:: Data for the task ::

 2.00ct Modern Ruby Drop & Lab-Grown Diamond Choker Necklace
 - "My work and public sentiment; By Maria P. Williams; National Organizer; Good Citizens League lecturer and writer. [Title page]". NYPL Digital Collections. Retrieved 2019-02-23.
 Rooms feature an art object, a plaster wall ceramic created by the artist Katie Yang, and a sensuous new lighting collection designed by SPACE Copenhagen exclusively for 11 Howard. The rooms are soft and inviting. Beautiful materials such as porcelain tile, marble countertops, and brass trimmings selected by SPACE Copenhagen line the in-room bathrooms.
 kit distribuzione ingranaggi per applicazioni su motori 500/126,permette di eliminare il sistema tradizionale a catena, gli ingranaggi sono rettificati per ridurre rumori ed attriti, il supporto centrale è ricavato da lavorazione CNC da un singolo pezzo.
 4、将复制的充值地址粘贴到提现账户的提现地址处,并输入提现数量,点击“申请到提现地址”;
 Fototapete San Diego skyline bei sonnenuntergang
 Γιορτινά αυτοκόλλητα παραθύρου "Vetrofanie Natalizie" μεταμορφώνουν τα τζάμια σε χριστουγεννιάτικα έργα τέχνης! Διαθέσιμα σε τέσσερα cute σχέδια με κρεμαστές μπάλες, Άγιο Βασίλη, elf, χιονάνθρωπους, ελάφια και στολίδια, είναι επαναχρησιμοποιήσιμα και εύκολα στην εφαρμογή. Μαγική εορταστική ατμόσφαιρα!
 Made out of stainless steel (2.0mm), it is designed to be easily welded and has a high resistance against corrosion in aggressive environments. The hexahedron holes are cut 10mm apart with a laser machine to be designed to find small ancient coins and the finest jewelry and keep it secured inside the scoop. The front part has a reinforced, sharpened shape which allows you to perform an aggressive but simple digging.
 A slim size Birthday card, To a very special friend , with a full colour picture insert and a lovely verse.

:::

*Work required:* Begin at the first line of the records above and restate each line word for word, stopping after the line with "Made out of".

*Result for this exercise:*
 2.00ct Modern Ruby Drop & Lab-Grown Diamond Choker Necklace
 - "My work and public sentiment; By Maria P. Williams; National Organizer; Good Citizens League lecturer and writer. [Title page]". NYPL Digital Collections. Retrieved 2019-02-23.
 Rooms feature an art object, a plaster wall ceramic created by the artist Katie Yang, and a sensuous new lighting collection designed by SPACE Copenhagen exclusively for 11 Howard. The rooms are soft and inviting. Beautiful materials such as porcelain tile, marble countertops, and brass trimmings selected by SPACE Copenhagen line the in-room bathrooms.
 kit distribuzione ingranaggi per applicazioni su motori 500/126,permette di eliminare il sistema tradizionale a catena, gli ingranaggi sono rettificati per ridurre rumori ed attriti, il supporto centrale è ricavato da lavorazione CNC da un singolo pezzo.
 4、将复制的充值地址粘贴到提现账户的提现地址处,并输入提现数量,点击“申请到提现地址”;
 Fototapete San Diego skyline bei sonnenuntergang
 Γιορτινά αυτοκόλλητα παραθύρου "Vetrofanie Natalizie" μεταμορφώνουν τα τζάμια σε χριστουγεννιάτικα έργα τέχνης! Διαθέσιμα σε τέσσερα cute σχέδια με κρεμαστές μπάλες, Άγιο Βασίλη, elf, χιονάνθρωπους, ελάφια και στολίδια, είναι επαναχρησιμοποιήσιμα και εύκολα στην εφαρμογή. Μαγική εορταστική ατμόσφαιρα!
 Made out of stainless steel (2.0mm), it is designed to be easily welded and has a high resistance against corrosion in aggressive environments. The hexahedron holes are cut 10mm apart with a laser machine to be designed to find small ancient coins and the finest jewelry and keep it secured inside the scoop. The front part has a reinforced, sharpened shape which allows you to perform an aggressive but simple digging.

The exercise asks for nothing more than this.